But: I have been a Realtor for nearly twenty years, a broker/owner for fifteen. I have sold a few hundred homes and overseen or advised on the sale of hundreds of others. I have met with or spoken to thousands of customers, making hundreds of them my clients or tenants to the rental homes we manage. I am my only agent for now – I sub out anything that does not require a license – but, with my wife Cathleen on board or without her, we have always been scrupulous about fairness – not just fair-housing but fair-dealing as such. I hate predators. I never want to be one.
So what is my experience of actual, specific, objectively-real racism in real estate?
I once had an out-of-town investor in my car who said things I considered red flags, so I drove him back to his hotel.

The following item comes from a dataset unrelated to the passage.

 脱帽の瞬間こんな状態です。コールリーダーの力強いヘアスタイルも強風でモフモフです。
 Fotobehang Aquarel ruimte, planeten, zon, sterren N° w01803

This is the same thing I do with irrationally optimistic investors – except I’ve met dozens of them.
Want more? When I first started, working as an apartment locator, I had a very racist elderly black woman as a client, but I just laughed at the things she said – and in the end she found a new place without me.
I have one more: We used to use a centrally-located Fidelity office for most of our title work. In those days, that was the “Spanish” office, the one where all deals that were to close in Spanish were sent. Over the years, I saw several contracts fall apart on Friday afternoons, with the whole family coming down to sign, only to find out that no one, until then, had told them what their monthly payment would be and how much cash they needed to close. Not just no new house – instantly homeless. Was that a fair-housing issue or just ineptitude on the part of their Realtors and lenders? Very sad, in any case.

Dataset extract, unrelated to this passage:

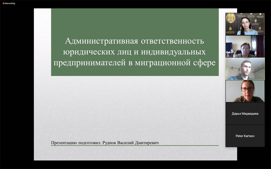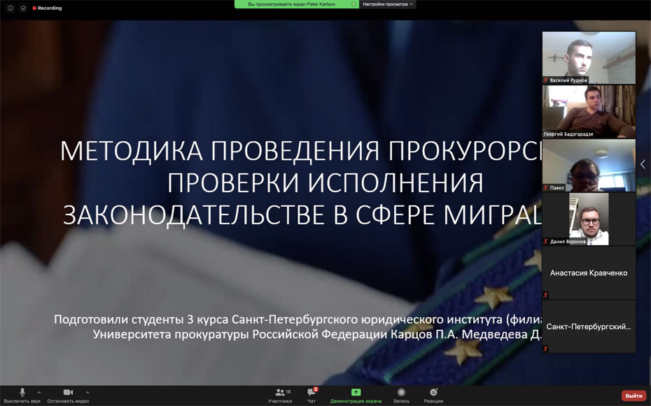 20 мая 2020 г. состоялось очередное заседание СНК «Актуальные вопросы прокурорской деятельности» с использованием платформы ZOOM. Главной темой обсуждения стали вопросы обеспечения законности в миграционной сфере. В докладах, с которыми выступили студенты Санкт-Петербургского института (филиала) ВГЮУ (РПА Минюста России), нашли отражение актуальные вопросы административной и уголовной ответственности за нарушения в миграционной сфере, рассматривалась международная практика, освещены правовые позиции Конституционного суда РФ. От СПбЮИ (ф) Университета прокуратуры РФ с докладом выступили студенты 3 курса Карцов Пётр и Медведева Дарья, которые осветили особенности методики проведения проверки исполнения законодательства в сфере миграции. Заседание организовано доцентом кафедры прокурорского надзора и участия прокурора в рассмотрении уголовных, гражданских и арбитражных дел, кандидатом юридических наук, советником юстиции Исламовой Эльнарой Рафисовной и доцентом кафедры уголовного права и процесса, кандидатом юридических наук, доцентом Санкт-Петербургского института (филиала) ВГЮУ (РПА Минюста России) Кристиной Александровной Красновой, осуществлявшими научное руководство подготовкой докладов студентов. Экспертом по вопросам заседания выступила заведующий кафедрой СПбЮИ (ф) Университета прокуратуры РФ, доктор юридических наук, профессор, старший советник юстиции, заслуженный работник прокуратуры Российской Федерации, почетный работник прокуратуры Российской Федерации Коршунова Ольга Николаевна. Представленные доклады вызвали оживленную дискуссию, в ходе которой была приведена судебная практика из различных регионов России, а также международная практика. Участники мероприятия выражают надежду на дальнейшее сотрудничество в научной сфере.

But: That’s it. That is the entirety of my personal, first-hand experience with anything like actual racism in real estate. Moreover, I have not heard any first-hand war stories about racist Realtors or lenders, either from my own clients or other agents. Most words spoken about racism seem to refer the “systemic” kind – non-personal, non-first-hand, non-actual, non-specific, non-measurable, non-objectively-real – ultimately imaginary- or at-best imagined-racism.

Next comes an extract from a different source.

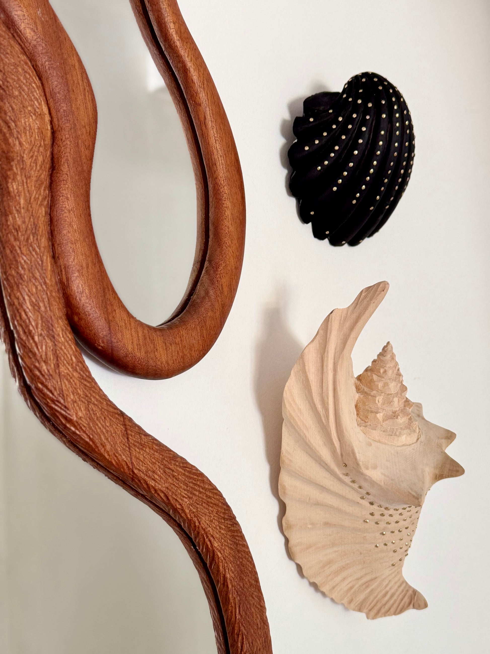 Ce miroir au cadre organique et texturé semble façonné par le vent, créant une onde visuelle qui apporte mouvement et perspective à l'espace.

I’m sure there are counter-examples, but I don’t care. If you can’t produce dozens of prima facie examples – from the past 30 days – there is no systemic problem. To the extent there are any topical problems, I’d bet they owe more to heuristics – shortcuts – than to racial animus. As above, actual racists are hard to miss, where actual real estate agents are most likely to be biased toward the highest, safest, soonest closing. That aligns listing agents’ interests with their sellers’ but buyer’s agents against their buyers’ interests, with the result that less-qualified buyers in general will tend to get poorer treatment.
The solution, underserved clients? Shop around. You need a hungrier agent.
We are fools to insult ourselves and the real estate community as such. We are not racist as a society in America, and we are not racists as individuals in the real estate business. I know I am not, and I know of no one – NO ONE – who is.